**Instructions to follow:** Only the lines below from the one that holds "Fuchsia A-Line Pleated Chiffon Dress" through the one that holds "この日は午前11時前に行った" should appear in the answer, copied exactly, end lines included and pictures omitted.

**Records for the exercise:**
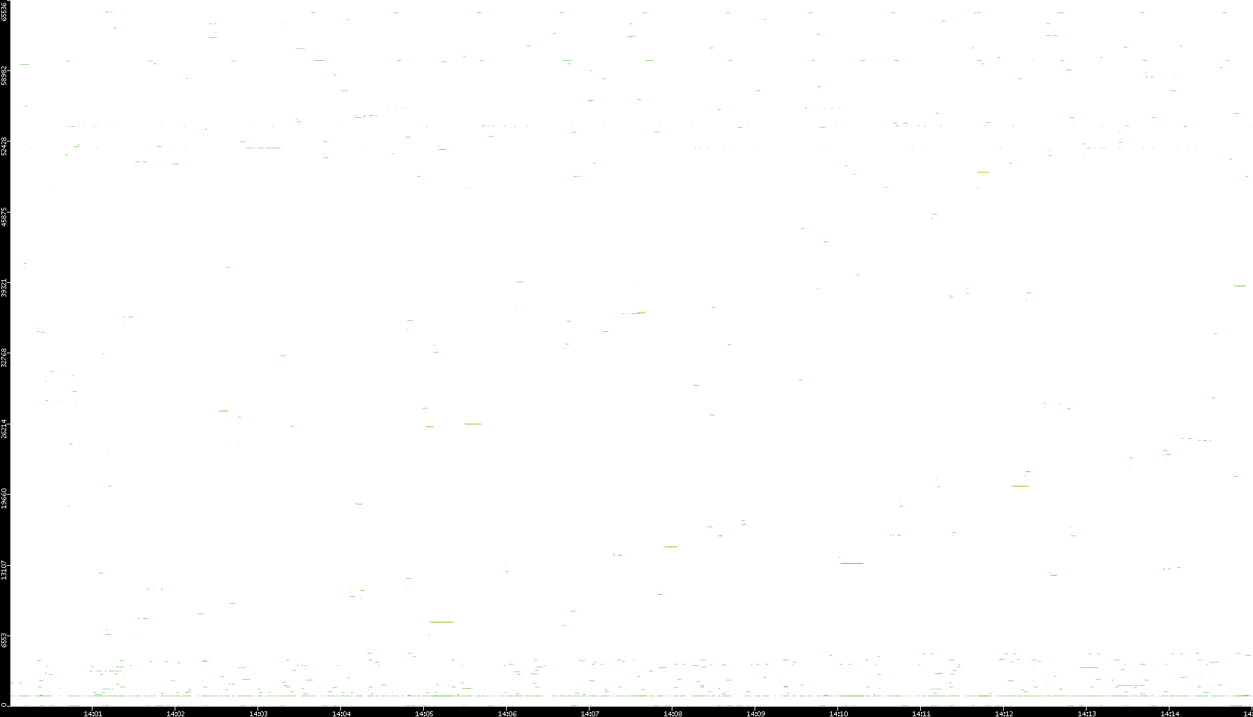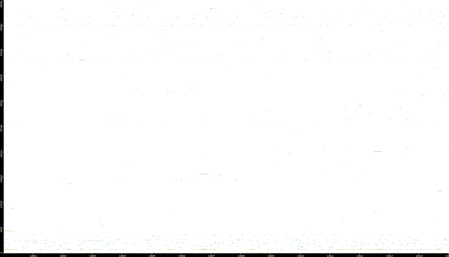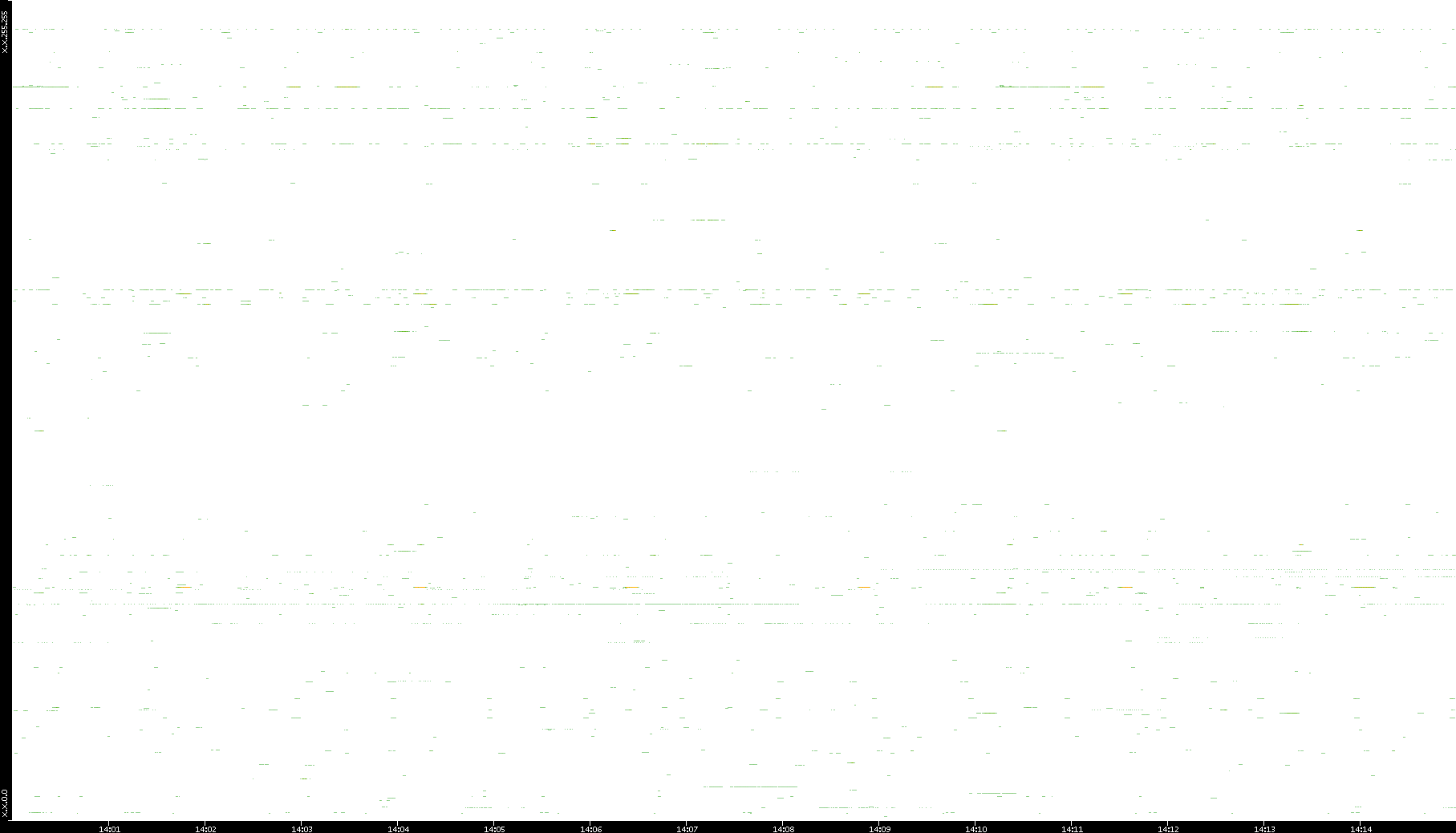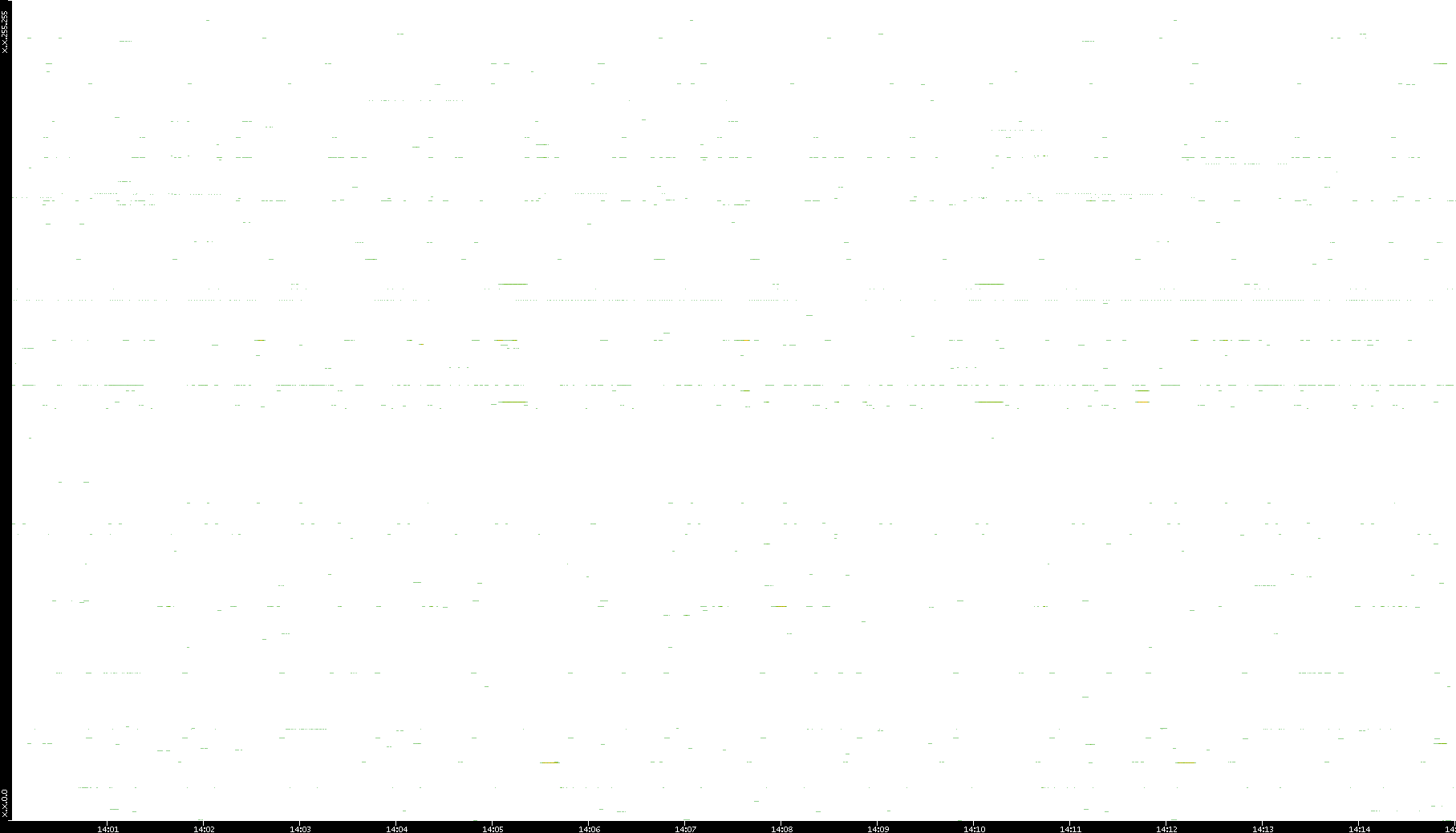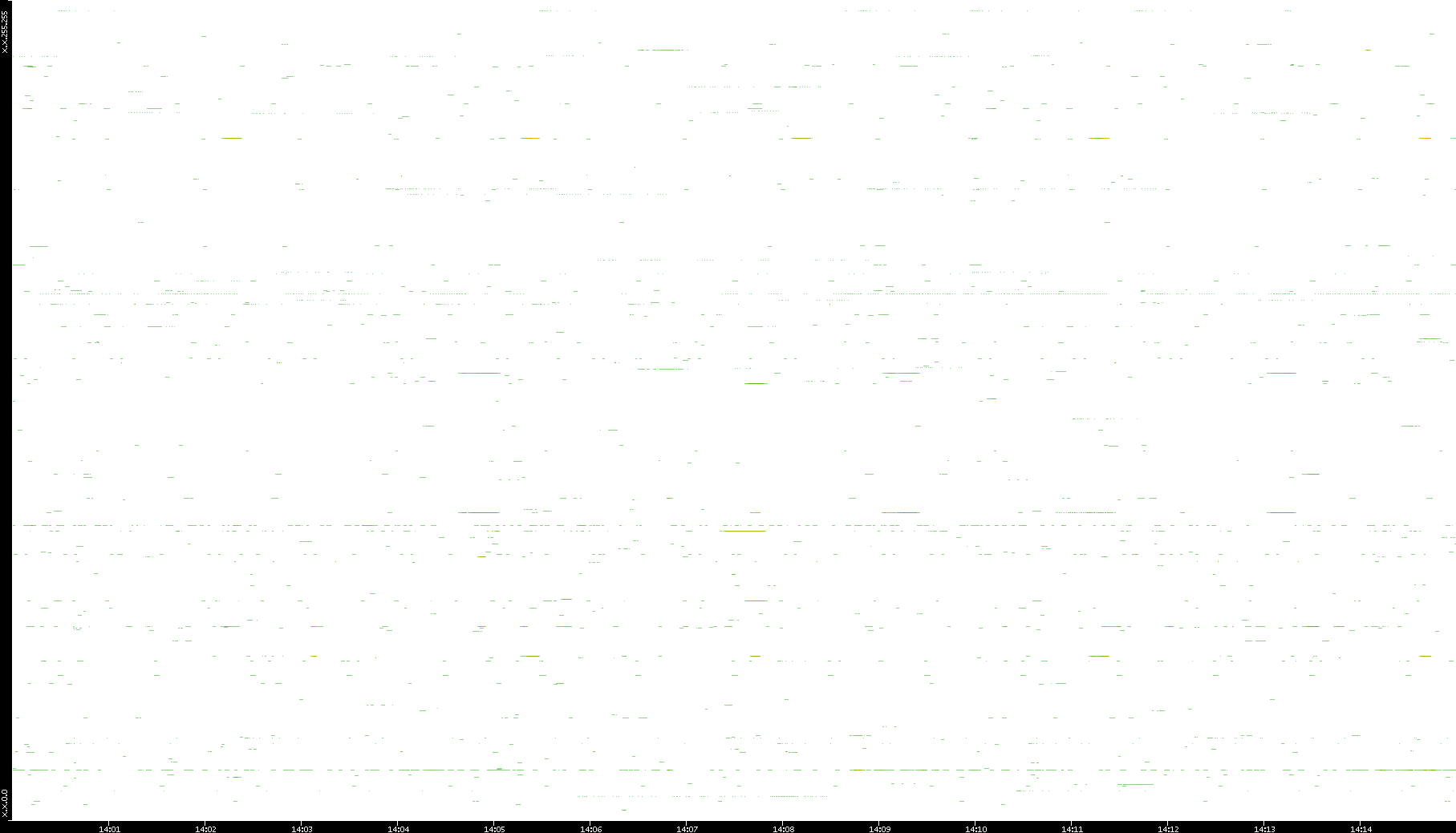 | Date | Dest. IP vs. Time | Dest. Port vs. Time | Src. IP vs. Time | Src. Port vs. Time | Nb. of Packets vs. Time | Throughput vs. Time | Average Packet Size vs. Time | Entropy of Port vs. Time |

--

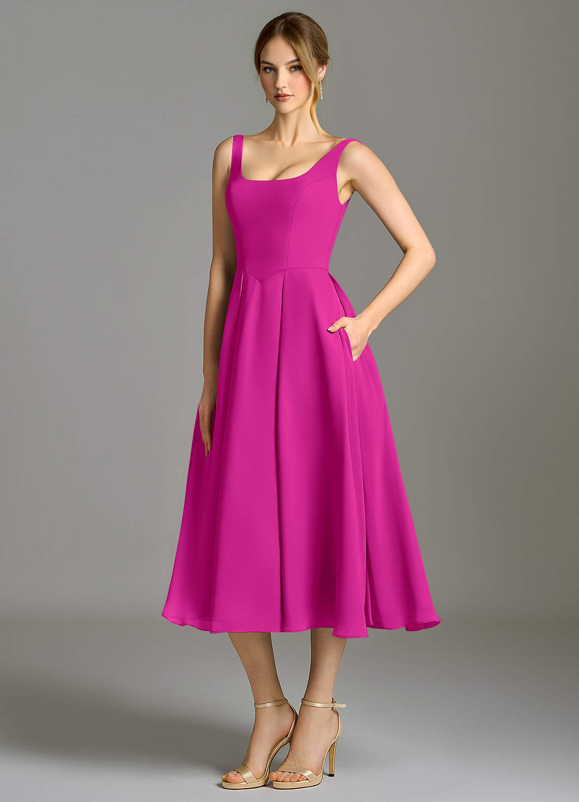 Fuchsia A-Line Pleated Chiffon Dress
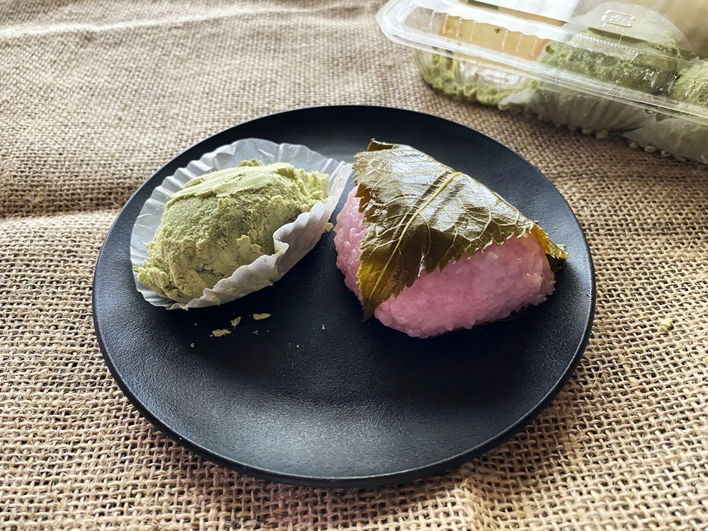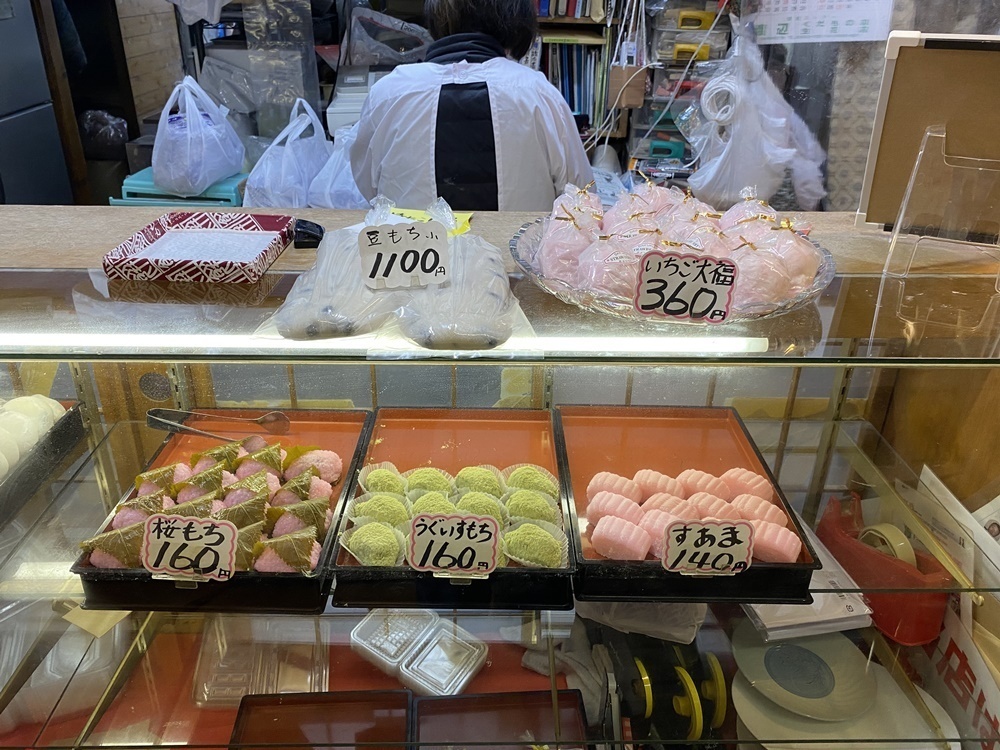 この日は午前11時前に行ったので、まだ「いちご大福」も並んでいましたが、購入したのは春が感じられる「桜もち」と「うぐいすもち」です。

**Exercise output:**
 Fuchsia A-Line Pleated Chiffon Dress
 この日は午前11時前に行ったので、まだ「いちご大福」も並んでいましたが、購入したのは春が感じられる「桜もち」と「うぐいすもち」です。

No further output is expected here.